> _Problem requirements_: Give back exactly the lines of the data below, starting with the line that has "Technika: olejomalba na" and going on through the line that has "REMERA ELBA. ESCOTE".

> _Data listing_:
***

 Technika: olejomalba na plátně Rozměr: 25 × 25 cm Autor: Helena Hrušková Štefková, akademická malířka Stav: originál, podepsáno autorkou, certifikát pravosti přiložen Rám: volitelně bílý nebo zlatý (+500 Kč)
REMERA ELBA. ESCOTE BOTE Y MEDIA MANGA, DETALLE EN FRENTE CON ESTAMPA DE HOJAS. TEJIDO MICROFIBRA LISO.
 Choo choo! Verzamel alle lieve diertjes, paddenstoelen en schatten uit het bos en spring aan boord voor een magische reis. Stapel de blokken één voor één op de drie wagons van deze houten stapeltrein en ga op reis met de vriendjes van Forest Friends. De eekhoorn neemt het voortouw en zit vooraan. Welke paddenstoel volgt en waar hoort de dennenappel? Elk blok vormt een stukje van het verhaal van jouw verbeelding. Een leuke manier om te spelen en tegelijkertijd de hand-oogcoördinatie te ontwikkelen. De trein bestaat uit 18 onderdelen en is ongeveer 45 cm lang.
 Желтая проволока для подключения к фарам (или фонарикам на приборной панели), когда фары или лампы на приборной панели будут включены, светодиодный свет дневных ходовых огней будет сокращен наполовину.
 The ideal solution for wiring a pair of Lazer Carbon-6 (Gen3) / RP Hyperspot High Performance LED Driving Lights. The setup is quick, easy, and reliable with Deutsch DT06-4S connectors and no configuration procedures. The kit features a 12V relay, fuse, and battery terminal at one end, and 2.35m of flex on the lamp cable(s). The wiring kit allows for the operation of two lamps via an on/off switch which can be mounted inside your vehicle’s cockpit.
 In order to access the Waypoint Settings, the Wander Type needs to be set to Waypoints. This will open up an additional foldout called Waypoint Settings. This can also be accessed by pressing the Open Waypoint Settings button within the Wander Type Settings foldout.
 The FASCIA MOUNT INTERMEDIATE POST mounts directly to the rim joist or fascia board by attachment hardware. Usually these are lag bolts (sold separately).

***

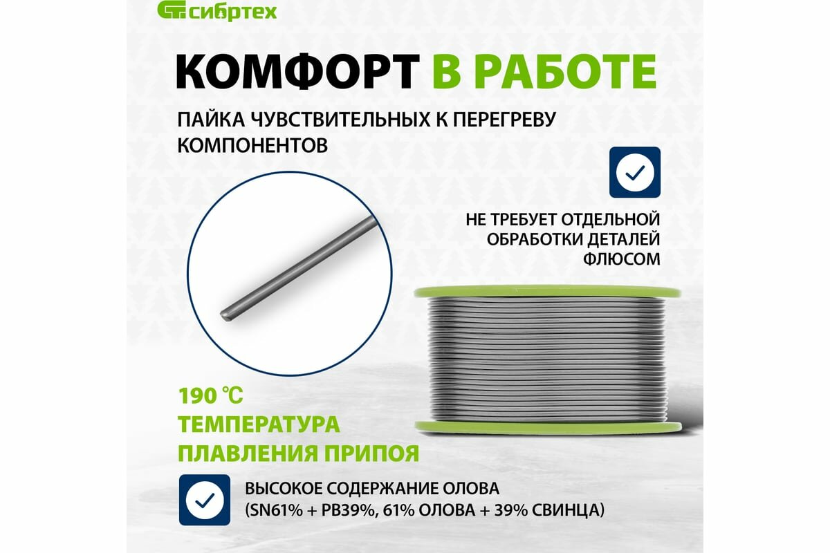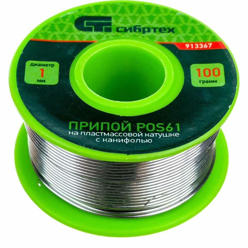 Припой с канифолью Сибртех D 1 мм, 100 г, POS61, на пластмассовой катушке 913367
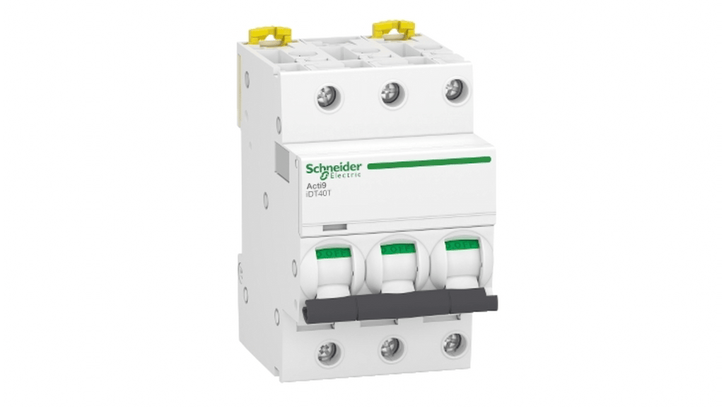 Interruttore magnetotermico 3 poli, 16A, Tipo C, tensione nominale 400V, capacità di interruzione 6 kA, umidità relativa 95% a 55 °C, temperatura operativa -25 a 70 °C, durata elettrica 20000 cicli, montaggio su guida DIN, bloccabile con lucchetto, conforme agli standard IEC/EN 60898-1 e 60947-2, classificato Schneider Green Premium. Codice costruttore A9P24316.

***

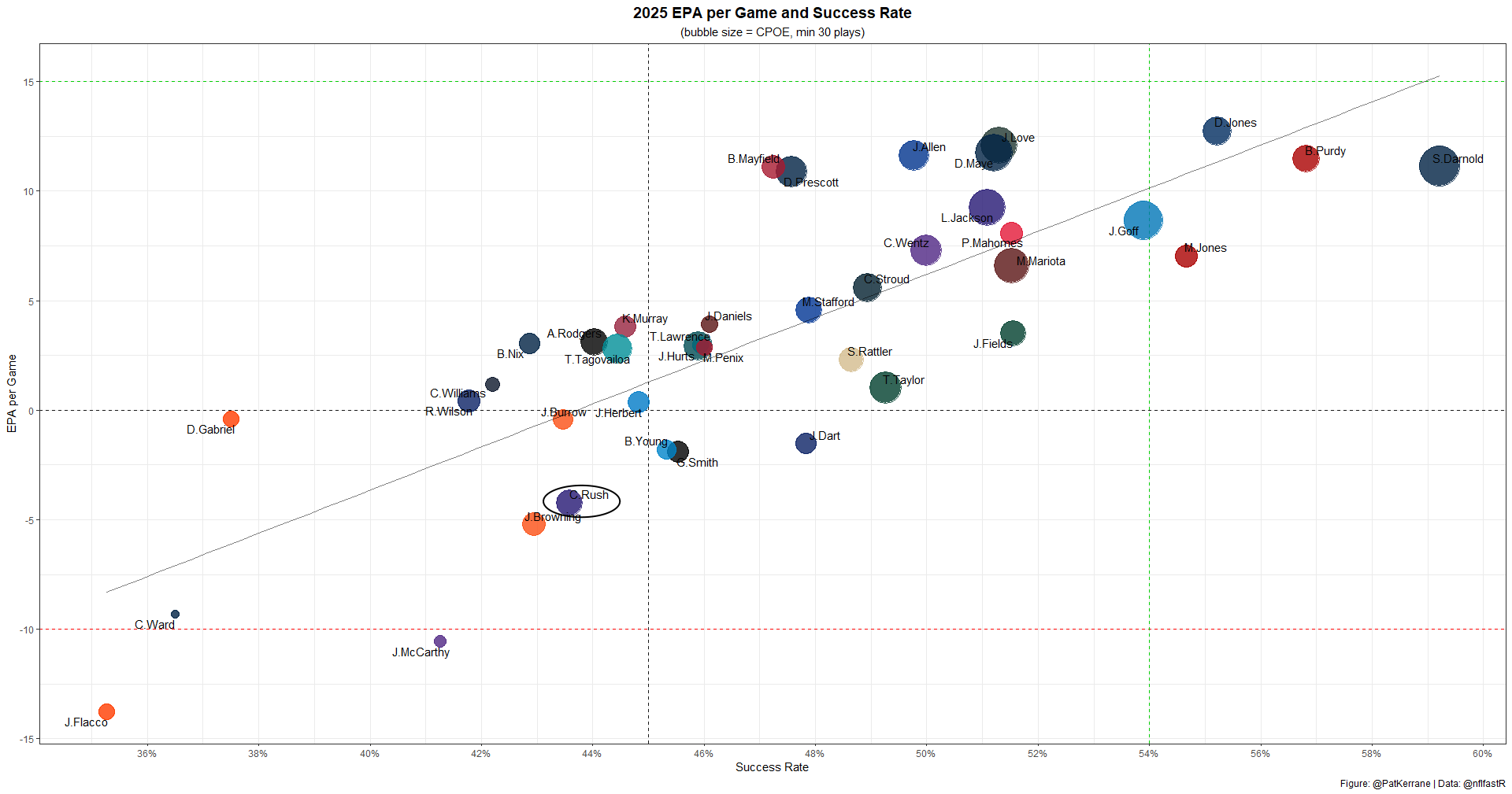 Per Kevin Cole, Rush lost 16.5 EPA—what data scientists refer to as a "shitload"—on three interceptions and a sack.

***

> _Worked solution_:
 Technika: olejomalba na plátně Rozměr: 25 × 25 cm Autor: Helena Hrušková Štefková, akademická malířka Stav: originál, podepsáno autorkou, certifikát pravosti přiložen Rám: volitelně bílý nebo zlatý (+500 Kč)
REMERA ELBA. ESCOTE BOTE Y MEDIA MANGA, DETALLE EN FRENTE CON ESTAMPA DE HOJAS. TEJIDO MICROFIBRA LISO.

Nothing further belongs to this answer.